Hardly a Close Ally, Clinton Teams With Obama to Raise Cash and Votes

MCLEAN, Virginia (Reuters) - Former U.S. president Bill Clinton campaigned alongside Barack Obama for the first time in the 2012 race on Sunday, making an impassioned appeal to re-elect the White House incumbent and helping his fellow Democrat raise more than $2 million.

A white-haired and noticeably svelte Clinton, 65, pounded the podium with his fingers and palms and gestured vividly while addressing about 500 Obama supporters outside the Virginia home of his friend and Democratic advisor Terry McAuliffe.

"Barack Obama deserves to be re-elected," Clinton told the crowd in his signature raspy voice, warmly introducing the man who was the main rival to his wife Hillary Clinton during the 2008 presidential primaries.

"I think he's done a good job," Clinton said. "We are moving this country forward, we are going the right direction under President Obama's leadership."

When he took the outdoor podium, Obama, 50, noted Clinton's "remarkable" economic record in his two White House terms and referred frequently to the political powerhouse standing behind him, who stands to be a huge fundraising force in the final months of this year's campaign.

David Axelrod, Mr. Obama’s longtime strategist, said the joint efforts show that the two men have forged a strong relationship over the last four years. “When you’re president, there are very few people to whom you can turn who really ‘get’ what the job demands,” Mr. Axelrod said. “President Clinton has been the source of very good advice, and very meaningful support.”

Privately, Democrats portray the evolving alliance as more utilitarian. “Once Obama’s out of office, I doubt they’ll take family vacations together,” said a former Clinton aide who has also worked for Mr. Obama and asked not to be named to avoid offending either man. “But Clinton thinks it’s critical for the country that he gets re-elected, and will do whatever he can to see that that happens.”

Another Democrat who has worked for both men said: “There’s no love lost. But Bill Clinton is not stupid. He knows if he can give a little of his 60-percent-plus approval rating halo to Obama, and Obama does well, that only helps Clinton. And it helps the missus if she wants to run.”

Hillary Rodham Clinton, who lost the Democratic nomination to Mr. Obama in 2008 only to join his cabinet as secretary of state, has made clear that she will step down after this term no matter what happens in the fall election. But in recent months, people in the Clinton orbit said she has left the door more open to running for president again in 2016, a campaign that would benefit from Mr. Obama’s good will.

By many accounts, the president and the secretary of state get along fairly well despite their epic clash four years ago.
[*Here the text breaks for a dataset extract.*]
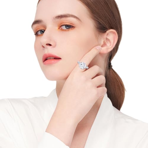 7.5 CT Cubic Zirconia Solitaire Engagement Ring for Women, 925 Sterling Silver & 18K White Gold Plated, Wedding Promise Ring Size 4.5-10

He felt comfortable enough teasing her during his comic performance at the White House Correspondents’ Association dinner on Saturday night, referring to pictures of her drinking a beer during a recent trip to Colombia.

“Four years ago, I was locked in a brutal primary battle with Hillary Clinton,” Mr. Obama said. “Four years later, she won’t stop drunk-texting me from Cartagena.”

Paradoxically, it has been the relationship between the two presidents that has been more awkward. At times, Mr. Obama has kept Mr. Clinton at a distance; at others, he has called on him for help, as he did after Democrats lost the House in the 2010 midterm elections.

A classic example of the complicated dynamic came last year when Mr. Clinton published a book titled “Back to Work,” offering very public advice about how to fix the economy. At first, the book rankled the Obama camp, which felt blindsided by its publication and privately complained that it made it seem as if the current president needed guidance. Eventually, after reading it, though, the irritation dissipated and the president’s advisers concluded that it was O.K. for them.